Remembering John Jr. 6-26-18

By Roy Ockert Jr.

I met John Troutt Jr. when I came to work at The Jonesboro Evening Sun as a part-time sports writer in the fall of 1963, my freshman year at then-Arkansas State College. My boss was Tom McDonald, sports editor at the time, but my desk in the small front office was also near the desks of John Jr. and Editor Gene Smith.

I had already worked for a year, mostly covering sports, at the Hot Springs daily newspapers, and coming here I got a dime raise — to $1.25 an hour.

John Jr. was called city editor then, but he was the newspaper’s chief reporter. He covered any story of importance, including the police beat and City Council.

That was impressive to me because the Hot Springs newspapers, serving a more cosmopolitan population, put more emphasis on national and international news. They cover local news, but not many made the front page.

But Smitty, John Jr. and Tom quickly taught me that local news is what sells the local newspaper. The next summer I put the theory to work at my hometown newspaper, expanding coverage of sports at area schools, including the all-black Langston High.

Thus, my mentors at The Sun became my role models, and I even tried to look like them, reasoning that I didn’t look old enough to be a professional journalist. I bought a hat and overcoat, then took up smoking a pipe. Somewhere hidden deep in a box at home is a picture of a ridiculous-looking kid in that get-up, missing only a “Press” card on the hat.

That was the beginning of my transition from sports to news. While I never gave up my love of sports, I learned that covering local, state and sometimes national news was much more interesting and important in the long term. That was reinforced on the morning of Nov. 22, 1963, when John Jr. came in with the newspaper’s biggest story of the year — a murder-suicide at Trumann.

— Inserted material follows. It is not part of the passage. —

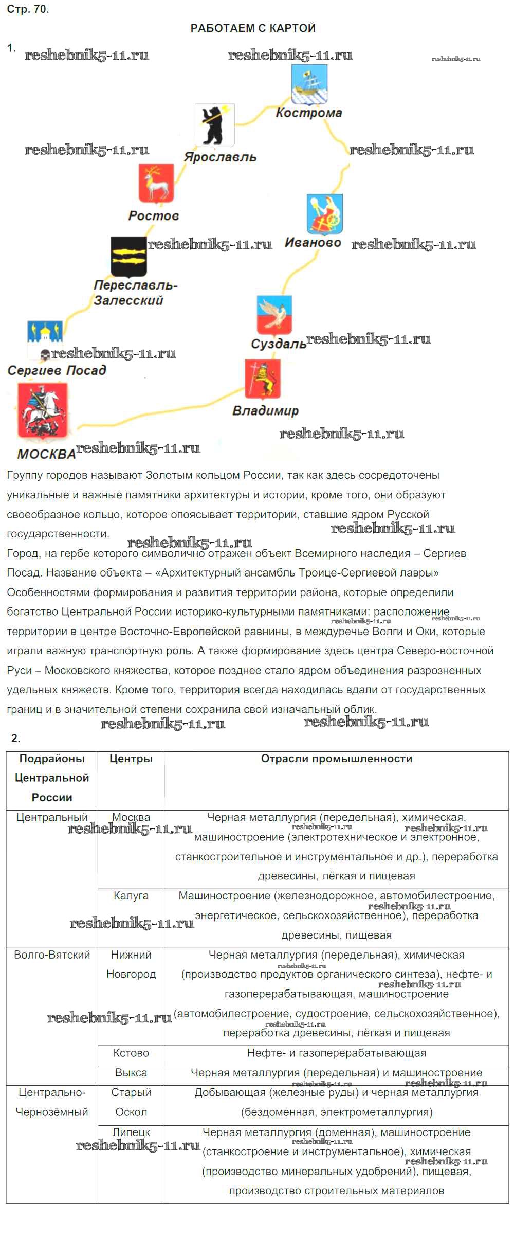 Готовая домашняя работа с ответами по Географии за 9 класс Ходова, Ольховая Тетрадь-тренажер Сферы Просвещение 2016 ФГОС - Глава 2. Районы России стр.70

Only hours later that story was pushed aside by one of the 20th century’s biggest stories.

Gene Smith left The Sun in 1964 to work for Citizens Bank, and John Jr. became managing editor. His dad John Sr. and uncle Fred still owned the paper. John Sr. died in 1966, but Fred remained active until his death in 1980. John Jr. was editor and publisher until the family sold the newspaper to the Paxton Media Group in 2000.

During his tenure The Sun became a morning newspaper, published seven days a week, and its Sunday circulation grew to more than 30,000. A new press was housed in the old National Guard armory down the street, and a new building was constructed beside it to house the rapidly expanding staff.

The Sun became known as one of the foremost advocates and defenders of the Arkansas Freedom of Information Act. The newspaper filed more than a dozen FOIA cases and never lost one. Two of them went to the Arkansas Supreme Court, and one, North Central Association v. Troutt Brothers, is considered a landmark decision.

Three times The Sun was nominated for a Pulitzer Prize, and the third time – for coverage of the Westside School tragedy in 1998 – should have been the charm.

I left my sports writing job with The Sun after two years but remained in touch with John, both as a college teacher and later as an editor of other newspapers. He was a valuable resource, always willing to provide advice, counsel and support.

One of the great honors of my career came after I transferred here in 2001, following John as editor. I kidded him that it took two of us to replace him.

During the years that followed I called on him often because he was a walking encyclopedia of local history. While many other old-timers could remember bits and pieces of old stories, John could cite chapter and verse, names, dates and places. He had amazing recall. If I needed some background about something the City Council did in 1988, one call would be enough.

I managed to “pay it back” a little in 2012 when I nominated him for the Arkansas Press Association’s Distinguished Service Award, which he won for lifetime achievements. But the highlight of that experience, at least for me, was getting John to sit down for an interview — sort of turning the tables on a man who had mostly been on the other side of interviewing.

And I even learned a few things that not many people knew — because John seldom talked himself. An example: He had been a “guinea pig” for testing of the atomic bomb in Nevada while serving in the U.S. Army in the early 1950s.

Even though John was 88 years old and had been in ill health, it was still something of a shock when I received news of his death on June 14 — appropriately from a Sun reporter. Since then many tributes have been offered to this lion of Arkansas newspapering.

But the Rev. Fred Haustein, pastor emeritus of the First United Methodist Church, may have summed it up best at the memorial for John. He was a man who worked behind the scenes, Brother Fred said, who wrote headlines but didn’t make them, and who neither needed nor sought the spotlight.

Oh, but how he got things done — for his family, his newspaper, his community, his state and his nation. We will benefit from the life he lived for many years.